How Scientists Discover Evolutionary Relationships
Going back to the list of misguided questions at the top of this post, we can generally surmise the thought process that led to each inquiry. The person who asked if whales and marine reptiles are related was classifying based on shared habitat. The person who asked if giraffes evolved from sauropods was classifying based on similar body shape. We can also see classifications based on diet, and based on shared activities, like flight or attacking prey with clawed feet. All these questions reflect a misunderstanding of what kinds of traits researchers look for when working out evolutionary relationships. So how do we quickly and clearly explain which traits are relevant, and which ones are not?
This is a tricky problem, and one I have not found a perfect solution to. The most important distinction is between plesiomorphic and apomorphic traits: plesiomorphic traits are inherited from an ancestral form, while apomorphic traits are novel developments. Put simply, working out a phylogenetic tree is all about grouping organisms based on shared apomorphies. The more apomorphic traits between two species, the more closely related they are. Once introduced, this is a fairly intuitive distinction. You don’t even need to use the jargon – “old traits” and “new traits” will often suffice. Going back to our problem of defining Dimetrodon, we can clarify that the lizardy shape and general toothiness are “old traits” – so they don’t tell us much about what the animal actually is. Instead, scientists look at “new traits”, like the number of postorbital fenestrae, to work out Dimetrodon‘s evolutionary affinities.
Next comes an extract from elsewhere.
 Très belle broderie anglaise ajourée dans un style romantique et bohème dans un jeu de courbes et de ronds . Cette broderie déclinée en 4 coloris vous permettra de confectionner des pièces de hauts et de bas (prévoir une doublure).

All of this is a long-winded way of saying that relating phylogeny to the public is challenging, but very important. Too often, science educators assume visitors have more background than they do, and the discussion comes across as so much moon man talk. Alternatively, educators push past complicated parts too quickly, which leads to confusion or misunderstanding. Ultimately, being a good educator comes down to two things: knowing your content and knowing your audience. Both are equally important, and both need to be practiced and refined in equal measure to ensure successful communication.
References
Macfadden, B.J., Dunckel, B.A., Ellis, S., Dierking, L.D., Abraham-Silver, L., Kisiel, J., and Koke, J. 2007. BioScience 57:10:875-882.
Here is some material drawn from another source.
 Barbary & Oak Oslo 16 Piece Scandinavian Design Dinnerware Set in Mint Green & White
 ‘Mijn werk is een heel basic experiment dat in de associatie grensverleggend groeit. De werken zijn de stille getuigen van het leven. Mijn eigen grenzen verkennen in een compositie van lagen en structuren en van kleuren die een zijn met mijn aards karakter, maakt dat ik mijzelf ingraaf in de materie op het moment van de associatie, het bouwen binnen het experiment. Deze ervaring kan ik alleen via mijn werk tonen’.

Spiegal, A.N., Evans, E.M., Gram, W., and Diamond, J. 2006. Museums and Social Issues 1:1:69-86.
Spiegel, A.N., Evans, E.M., Frazier, B., Hazel, A., Tare, M., Gram, W., and Diamond, J. 2012. Changing Museum Visitors’ Conceptions of Evolution. Evolution: Education and Outreach 5:1:43-61.
Torrens, E. and Barahona, A. 2012. Why are Some Evolutionary Trees in Natural History Museums Prone to Being Misinterpreted?” Evolution: Education and Outreach 1-25.